We're back from our little trip to Maine, having traveled circuitous back roads to get out of, and then back into, Vermont without running afoul of road-repair crews. What with the car's GPS; the Google Maps printout of directions; the stack of folding- and book-maps; and the road closings--both announced and impromptu--that we encountered, getting to Maine and back was as labor-intensive, confusing and uncertain as life itself.
The Maine coast, I'm happy to report, looks like all the (competent) oil paintings of the Maine coast: rocks, pine trees, lobster trap buoys, more rocks. On our second gray and drizzly day there I saw Wyeth's gray and drizzly watercolors at the Farnsworth Museum in Rockland. And when I came outside and looked around, Maine looked more like Maine than ever. I love places, and people too, that look like themselves.

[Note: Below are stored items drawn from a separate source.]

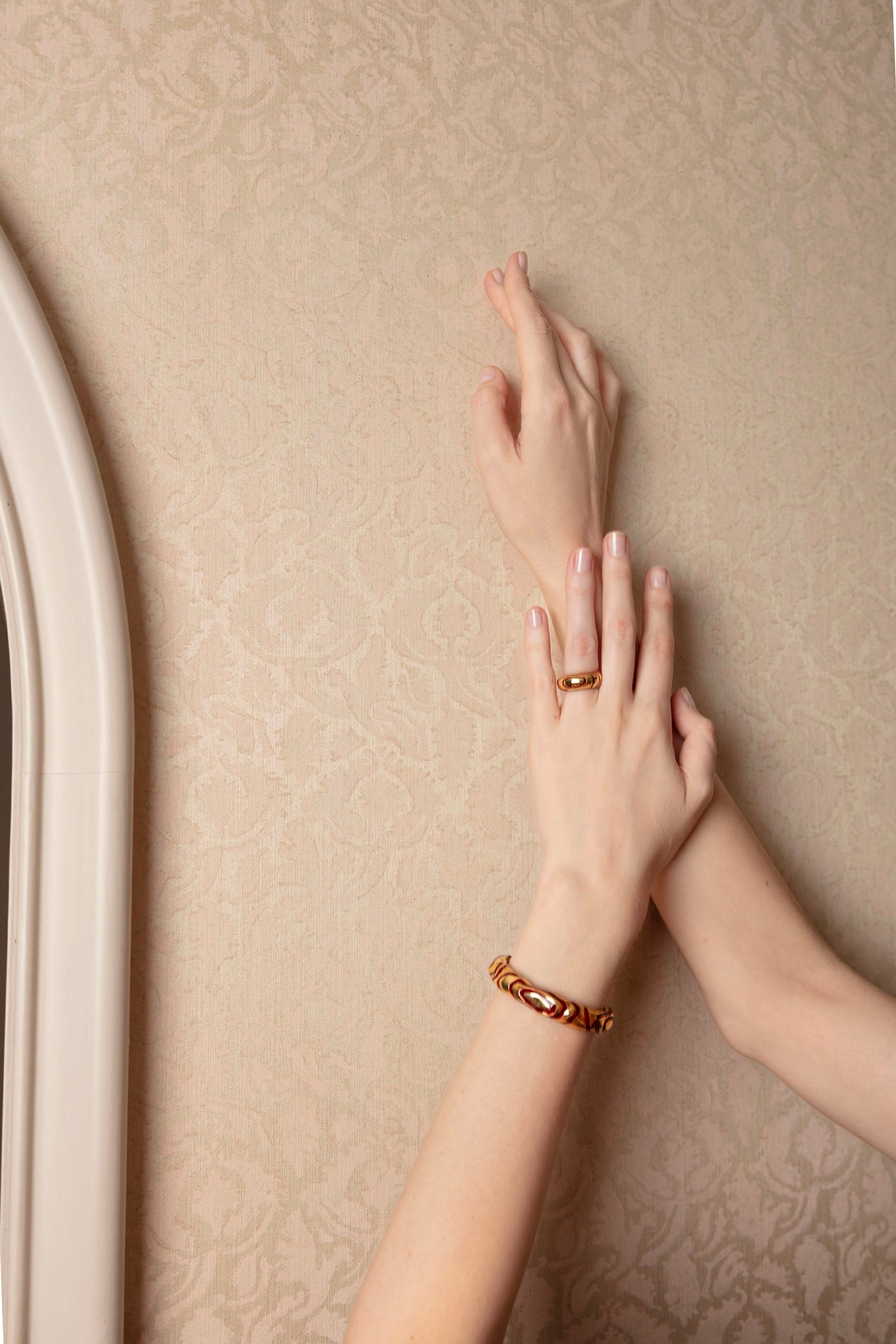 A fluid wave cuff accented with glossy enamel details for a refined yet contemporary statement.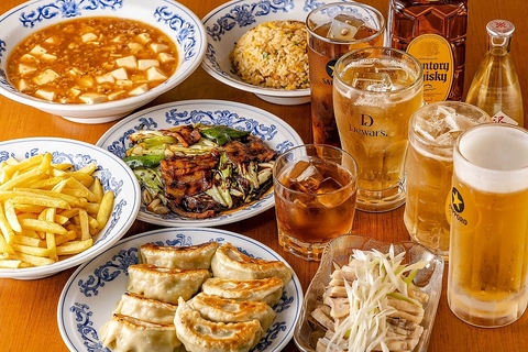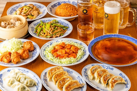 焼餃子3ケの他にもニラ焼餃子、キムチ餃子、チーズ揚げ餃子が各2ケ、その他にカニ玉やチャーハン、とりのからあげなど一品料理メニューも盛りだくさん◎全9品120分飲み放題がついて“3500円”とコスパ抜群!ボリューム満点のコースです。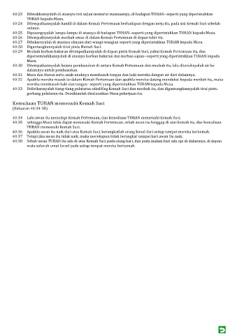40:32 Apabila mereka masuk ke dalam Kemah Pertemuan dan apabila mereka datang mendekat kepada mezbah itu, maka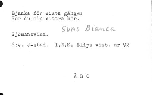 //// Bjanka för sista gången //// Hör du min cittra hör. ' //// t //// Sjömansvisa. //// 6:4. J-stad. I.N.E. Slips visb. nr 92 ////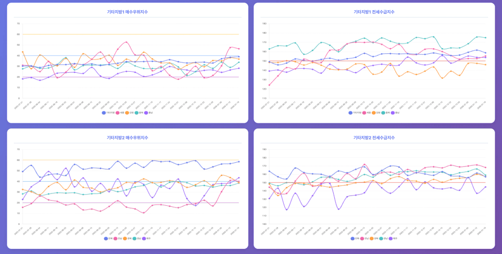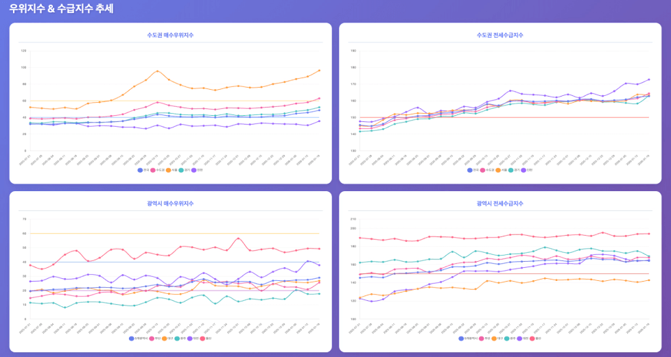 권역(수도권, 광역시, 지방)별 매수우위지수, 전세수급지수 차트 (업데이트일 기준 최근 6개월치 데이터)를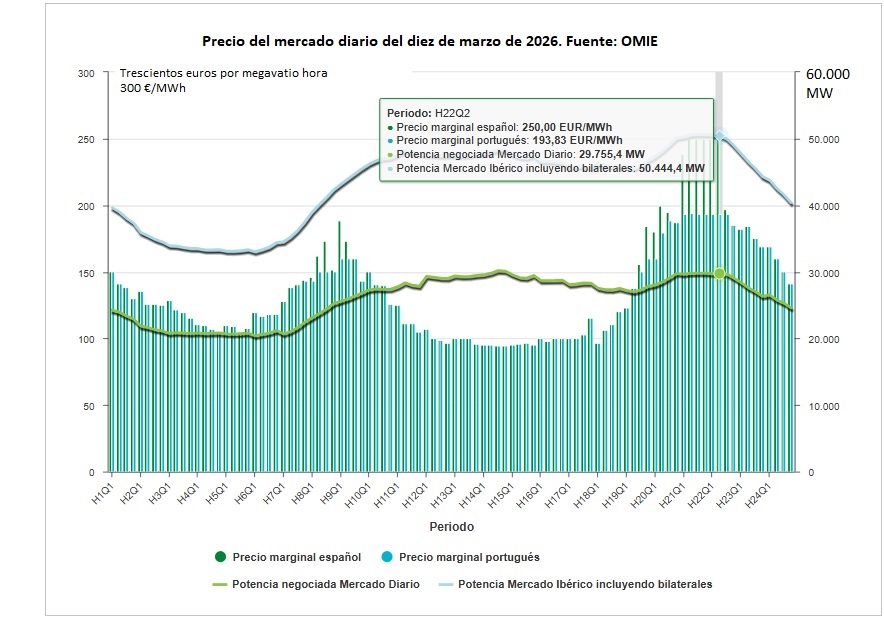 El precio medio de la electricidad en el mercado mayorista, el denominado pool, se dispara este martes hasta los 136,86 €/MWh (precio medio), tocando así máximos que no se veían desde mediados de febrero del año pasado. El mercado mayorista repunta así un 14,6% (hablamos siempre de precio medio diario) con respecto a los 119 €/MWh de ayer lunes (todos los datos son del Operador del Mercado Ibérico de Energía, OMIE). Habría que retroceder hasta el 17 de febrero de 2025 para encontrar un precio medio diario más alto en el mercado mayorista eléctrico, cuando marcó los 138,17 €/MWh para esa jornada. A lo largo de este martes se verán así máximos de 250 €/MWh entre las 21.00 y las 23.00 horas, mientras que habrá mínimos de 94,91 €/MWh entre las 14.00 y las 15.00 horas (horario durante el cual la aportación solar fotovoltaica al mix eléctrico nacional es mayor).

On that same gray day we went out on a lobsterman's boat to check his traps for "bugs" (Maine's entomologically accurate argot for "lobsters"). As we chugged over the steel-gray sea, it occurred to me that what I perceived as an essentially homogeneous and monotonous body of water, to the lobsterman was a busy neighborhood teeming with lobster routes, lobster suburbs and lobster hangouts, on the accurate mapping of which he depended for his livelihood. The sea was his office, his workshop, his studio. We humans may all belong to one species, but we each inhabit a different universe.
Back at our house, the dogs are in their usual post-B and B stupor, having had way more fun than they are accustomed to in their monastic existence with me. This coincides perfectly with my own post-holiday stupor, and we are all recovering together.
As Bain lies at my feet, I was just thinking of you and your contented pack. Even though we may be boring, we are their boring. So glad you went to the beautiful Maine Coast and are back.
ReplyDeleteYes, mrb, it was worth every twist and turn, every detour, every wait for road crews to do their thing.